Problem: Take the line containing "草加市の浅井昌志市長(右)と本会埼玉東支部の榎本隆雄支部長(左)" and each line after it through the end of the data below, and return them exactly, minus any pictures.

Study material:
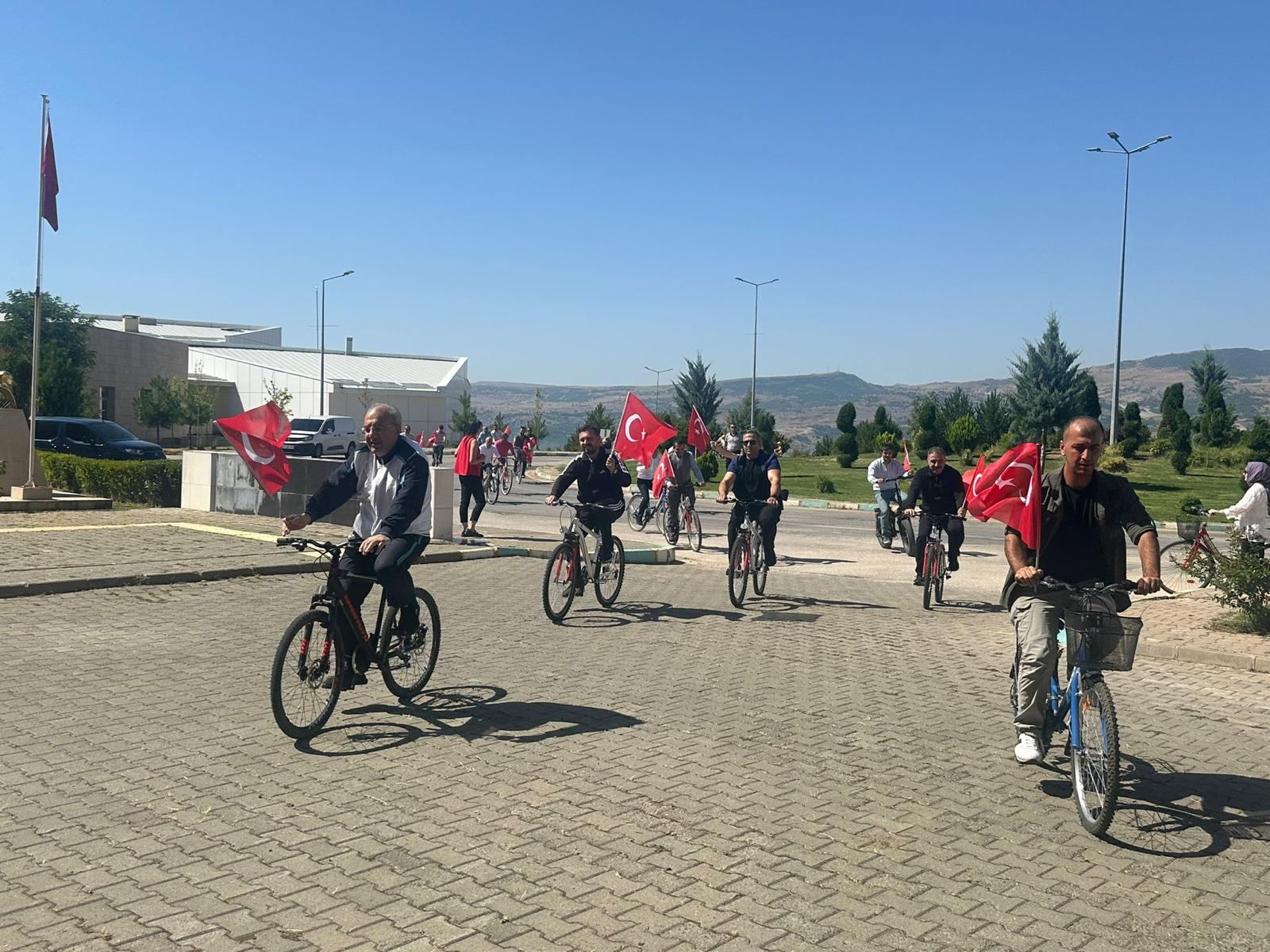 Albayraklarla süslü bisikletlerle üniversite turu yapan katılımcılar 15 Temmuz ruhunu coşkuyla yâd etti.
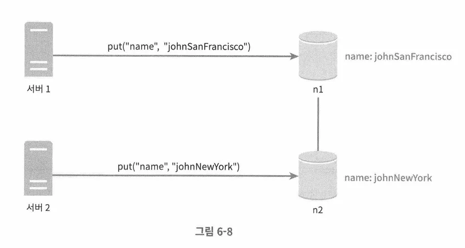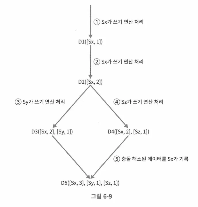 위처럼 각각 다른 서버에서 동시에 수정을 시도한다면 충돌하는 두 값을 갖게 될 것이다. 이 버전을 각각 v1과 v2라고 하면, v1과 v2의 충돌을 발견하고 자동으로 해결해 낼 버저닝 시스템이 필요하다.
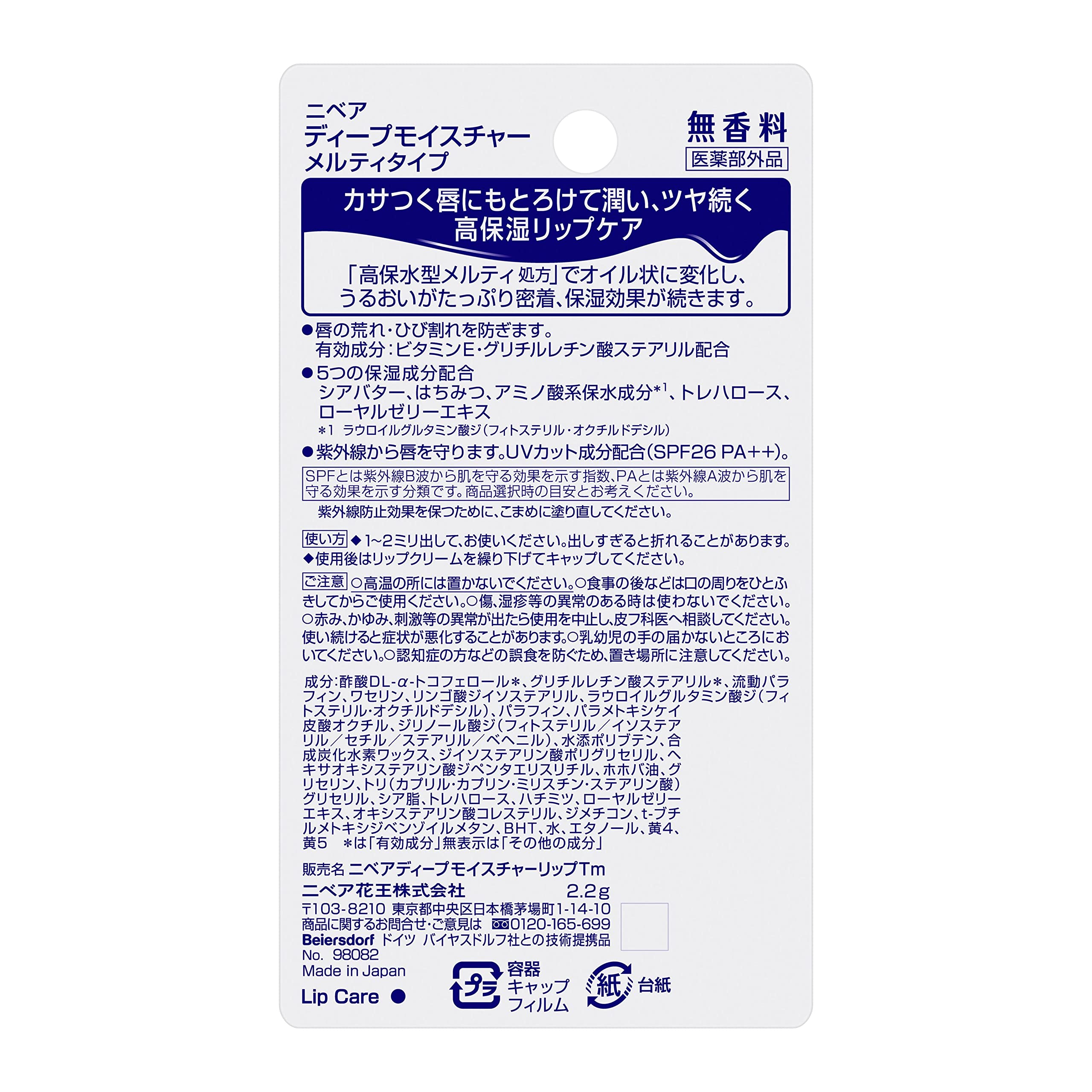 采用日本研发的「高保水型Melty融化配方」,接触双唇瞬间由奶油质地转化为润泽油状,形成锁水保护膜,长时间保持双唇水润光泽。
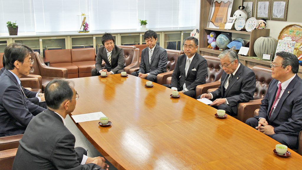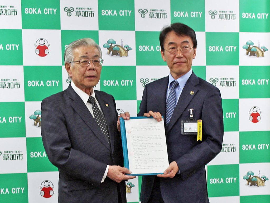 草加市の浅井昌志市長(右)と本会埼玉東支部の榎本隆雄支部長(左)
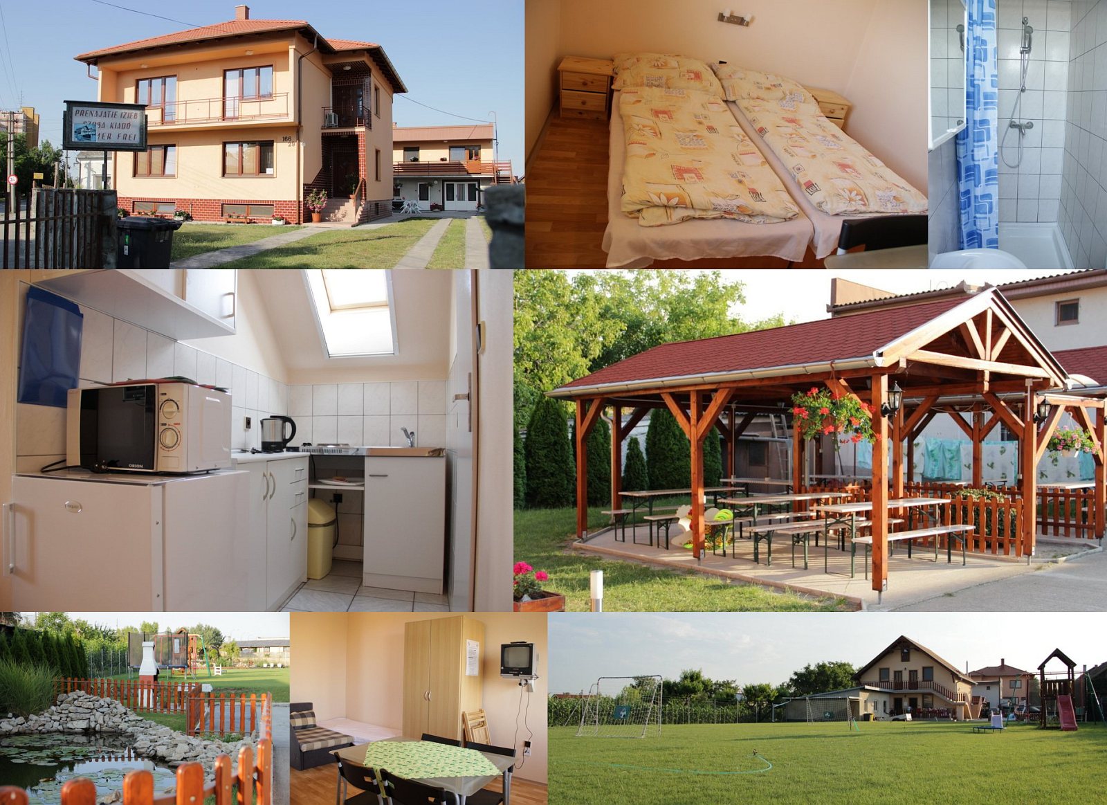 Unterkunft: Jednoposchodový samostatný apartmánový dom. V dome je 8 apartmánov, v každok apartmáne je možné ubytovať maximálne 4 osoby. Na prízemí sú apartmány s terasou na posedenie, na poschodí s balkónom. Každý apartmán je vybavený vlastnou kuchyňou (chladnička, rýchlovarná kanvica, el. dvojplatnička, mikrovlnka, nádobí), vlastnou sprchou a wc, 3 posteľami + 1 prístelkou, farebným TV. Bezplatné parkovanie na dvore. Možnosť posedenia pod altánom. Veľký dvor s ohniskom a záhradným grilom, hojdačkami a pieskoviskom. Ubytovanie je možné iba cez letné obdobie (mesiace 04-10).
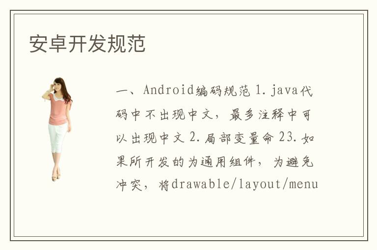 一、Android編碼規(guī)范 1.java代碼中不出現(xiàn)中文,最多注釋中可以出現(xiàn)中文 2.局部變量命 23.如果所開發(fā)的為通用組件,為避免沖突,將drawable/layout/menu/values目錄下的文件
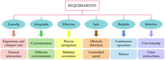 In terms of requirements, the robot must be user-friendly, which implies a natural and accessible interaction with users. It must also be adaptable to the individual needs of each user. Its operation must be efficient and perform its primary function of assisting mobility with precision, even in changing environments. It must also ensure user safety and prevent accidents by protecting the user from potential hazards in the environment. It must also be reliable, ensuring consistent and robust operation at all times. Finally, it must be intuitive with a simple user-friendly interface. Figure 2 summarizes those requirements to be considered when designing a guide robot for the elderly and blind.
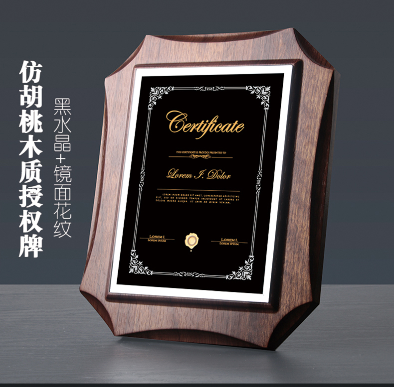 524 / 高档仿胡桃木奖牌定制定做企业公司品牌授权牌优秀员工水晶彩印牌

Answer to the exercise:
 草加市の浅井昌志市長(右)と本会埼玉東支部の榎本隆雄支部長(左)
 Unterkunft: Jednoposchodový samostatný apartmánový dom. V dome je 8 apartmánov, v každok apartmáne je možné ubytovať maximálne 4 osoby. Na prízemí sú apartmány s terasou na posedenie, na poschodí s balkónom. Každý apartmán je vybavený vlastnou kuchyňou (chladnička, rýchlovarná kanvica, el. dvojplatnička, mikrovlnka, nádobí), vlastnou sprchou a wc, 3 posteľami + 1 prístelkou, farebným TV. Bezplatné parkovanie na dvore. Možnosť posedenia pod altánom. Veľký dvor s ohniskom a záhradným grilom, hojdačkami a pieskoviskom. Ubytovanie je možné iba cez letné obdobie (mesiace 04-10).
 一、Android編碼規(guī)范 1.java代碼中不出現(xiàn)中文,最多注釋中可以出現(xiàn)中文 2.局部變量命 23.如果所開發(fā)的為通用組件,為避免沖突,將drawable/layout/menu/values目錄下的文件
 In terms of requirements, the robot must be user-friendly, which implies a natural and accessible interaction with users. It must also be adaptable to the individual needs of each user. Its operation must be efficient and perform its primary function of assisting mobility with precision, even in changing environments. It must also ensure user safety and prevent accidents by protecting the user from potential hazards in the environment. It must also be reliable, ensuring consistent and robust operation at all times. Finally, it must be intuitive with a simple user-friendly interface. Figure 2 summarizes those requirements to be considered when designing a guide robot for the elderly and blind.
 524 / 高档仿胡桃木奖牌定制定做企业公司品牌授权牌优秀员工水晶彩印牌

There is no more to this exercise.